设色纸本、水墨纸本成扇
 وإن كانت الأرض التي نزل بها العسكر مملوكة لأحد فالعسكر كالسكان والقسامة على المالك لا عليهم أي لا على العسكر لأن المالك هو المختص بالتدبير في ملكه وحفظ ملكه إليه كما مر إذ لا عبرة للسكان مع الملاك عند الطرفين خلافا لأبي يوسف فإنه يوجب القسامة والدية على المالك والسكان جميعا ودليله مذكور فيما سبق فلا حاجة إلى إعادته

......

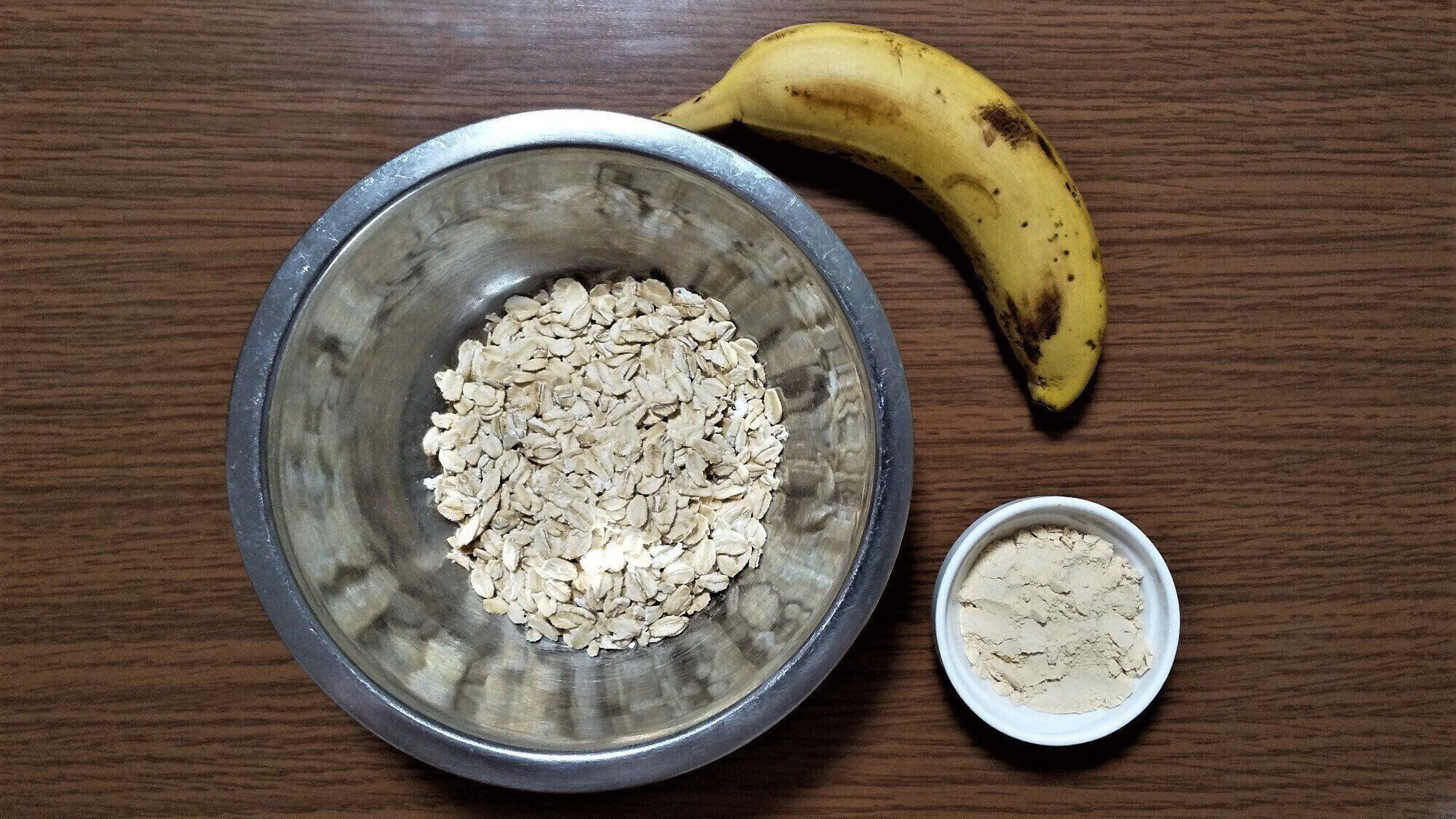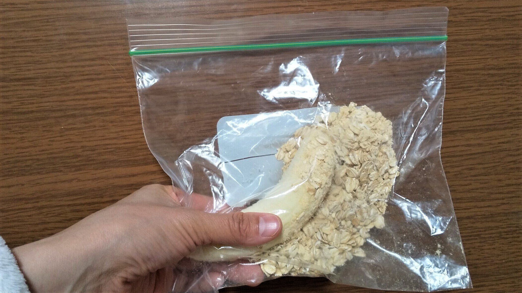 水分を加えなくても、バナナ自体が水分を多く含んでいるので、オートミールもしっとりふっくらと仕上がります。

......

▶ [What is needed]
Your task for the entries above: copy exactly the span starting with the line with "设色纸本、水墨纸本成扇" and going on through the line with "وإن كانت الأرض", both lines included, and nothing else.

▶ [Task answer]
设色纸本、水墨纸本成扇
 وإن كانت الأرض التي نزل بها العسكر مملوكة لأحد فالعسكر كالسكان والقسامة على المالك لا عليهم أي لا على العسكر لأن المالك هو المختص بالتدبير في ملكه وحفظ ملكه إليه كما مر إذ لا عبرة للسكان مع الملاك عند الطرفين خلافا لأبي يوسف فإنه يوجب القسامة والدية على المالك والسكان جميعا ودليله مذكور فيما سبق فلا حاجة إلى إعادته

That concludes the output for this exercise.